Biography
In real life, Dissociative Identity Disorder (or DID) is a condition in which more than one distinct personality can be observed at different times within a single individual's brain, often associated with long-term childhood trauma, resulting in a system or a multiple rather than a singleton. Long thought to be rare and often misdiagnosed, DID actually occurs in about 1%-3% of the population.
Not all cases of multiplicity can be diagnosed as DID. Systems that don't meet DID criteria may instead be categorized as "Otherwise Specified Dissociative Disorder" (OSDD-1, formerly DD-NOS). Yet other systems are a healthy Split-Personality Team or Mind Hive, working well together and functioning well in daily life. In the absence of impairment or distress, these systems need no diagnosis.

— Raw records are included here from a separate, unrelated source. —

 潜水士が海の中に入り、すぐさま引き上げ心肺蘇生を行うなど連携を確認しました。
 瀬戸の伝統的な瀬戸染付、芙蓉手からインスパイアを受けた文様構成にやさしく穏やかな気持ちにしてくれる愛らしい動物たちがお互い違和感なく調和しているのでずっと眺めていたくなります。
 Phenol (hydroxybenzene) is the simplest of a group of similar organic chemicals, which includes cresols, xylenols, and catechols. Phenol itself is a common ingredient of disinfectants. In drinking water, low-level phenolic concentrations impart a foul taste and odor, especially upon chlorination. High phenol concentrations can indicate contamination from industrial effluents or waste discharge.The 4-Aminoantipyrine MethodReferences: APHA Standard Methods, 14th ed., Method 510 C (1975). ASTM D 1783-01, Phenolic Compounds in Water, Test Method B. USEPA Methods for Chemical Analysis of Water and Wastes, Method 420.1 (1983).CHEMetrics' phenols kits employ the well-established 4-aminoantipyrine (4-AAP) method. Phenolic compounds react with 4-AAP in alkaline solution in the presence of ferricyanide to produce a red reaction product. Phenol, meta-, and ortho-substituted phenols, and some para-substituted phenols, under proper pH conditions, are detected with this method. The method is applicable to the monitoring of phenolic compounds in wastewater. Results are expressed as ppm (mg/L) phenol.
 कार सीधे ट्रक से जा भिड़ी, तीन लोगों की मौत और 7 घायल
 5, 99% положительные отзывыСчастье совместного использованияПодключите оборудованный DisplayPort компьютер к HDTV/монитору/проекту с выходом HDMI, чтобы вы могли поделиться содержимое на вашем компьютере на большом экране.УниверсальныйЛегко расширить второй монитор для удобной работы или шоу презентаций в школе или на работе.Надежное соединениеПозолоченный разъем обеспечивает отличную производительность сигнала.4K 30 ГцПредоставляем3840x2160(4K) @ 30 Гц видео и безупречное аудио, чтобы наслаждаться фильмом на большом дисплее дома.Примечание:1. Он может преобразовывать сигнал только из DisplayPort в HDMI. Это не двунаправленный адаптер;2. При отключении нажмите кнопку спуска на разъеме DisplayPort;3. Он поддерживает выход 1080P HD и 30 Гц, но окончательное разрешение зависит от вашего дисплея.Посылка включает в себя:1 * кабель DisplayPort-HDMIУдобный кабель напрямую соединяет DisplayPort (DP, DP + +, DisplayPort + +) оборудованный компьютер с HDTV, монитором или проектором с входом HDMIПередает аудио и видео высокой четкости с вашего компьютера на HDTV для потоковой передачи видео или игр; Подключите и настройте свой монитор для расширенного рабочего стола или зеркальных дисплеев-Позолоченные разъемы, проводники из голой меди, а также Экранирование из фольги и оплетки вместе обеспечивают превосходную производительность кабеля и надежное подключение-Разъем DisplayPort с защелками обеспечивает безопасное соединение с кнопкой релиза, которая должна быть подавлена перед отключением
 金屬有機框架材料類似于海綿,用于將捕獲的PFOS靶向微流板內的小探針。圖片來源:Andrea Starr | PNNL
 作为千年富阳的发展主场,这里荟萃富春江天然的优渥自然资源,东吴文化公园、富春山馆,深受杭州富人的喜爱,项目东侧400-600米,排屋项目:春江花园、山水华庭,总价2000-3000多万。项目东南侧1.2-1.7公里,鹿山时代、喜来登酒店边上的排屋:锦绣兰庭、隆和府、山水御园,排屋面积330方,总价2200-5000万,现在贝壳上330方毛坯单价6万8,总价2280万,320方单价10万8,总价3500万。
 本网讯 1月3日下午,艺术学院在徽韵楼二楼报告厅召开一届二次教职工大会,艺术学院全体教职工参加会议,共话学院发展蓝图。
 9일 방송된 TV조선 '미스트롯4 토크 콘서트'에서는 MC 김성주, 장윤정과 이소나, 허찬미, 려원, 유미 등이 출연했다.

A variety of theories address the origin of DID and its cousins. The theory of structural dissociation proposes that everyone starts with an unintegrated personality; but when childhood is disrupted by trauma, these parts may not integrate, resulting in DID. Other theories model DID as the result of coping with trauma by dissociating and imagining that the trauma is happening to someone else. Non-traumatic causes for DID and healthy multiplicity have been the subject of very little research.
(DID was originally called "Multiple Personality Disorder", but the name was changed to clarify that dissociation and separate identities were key to the disordernote Nowadays, dismissing alters in a multiple system as "only a personality" comes off as offensive or ableist.)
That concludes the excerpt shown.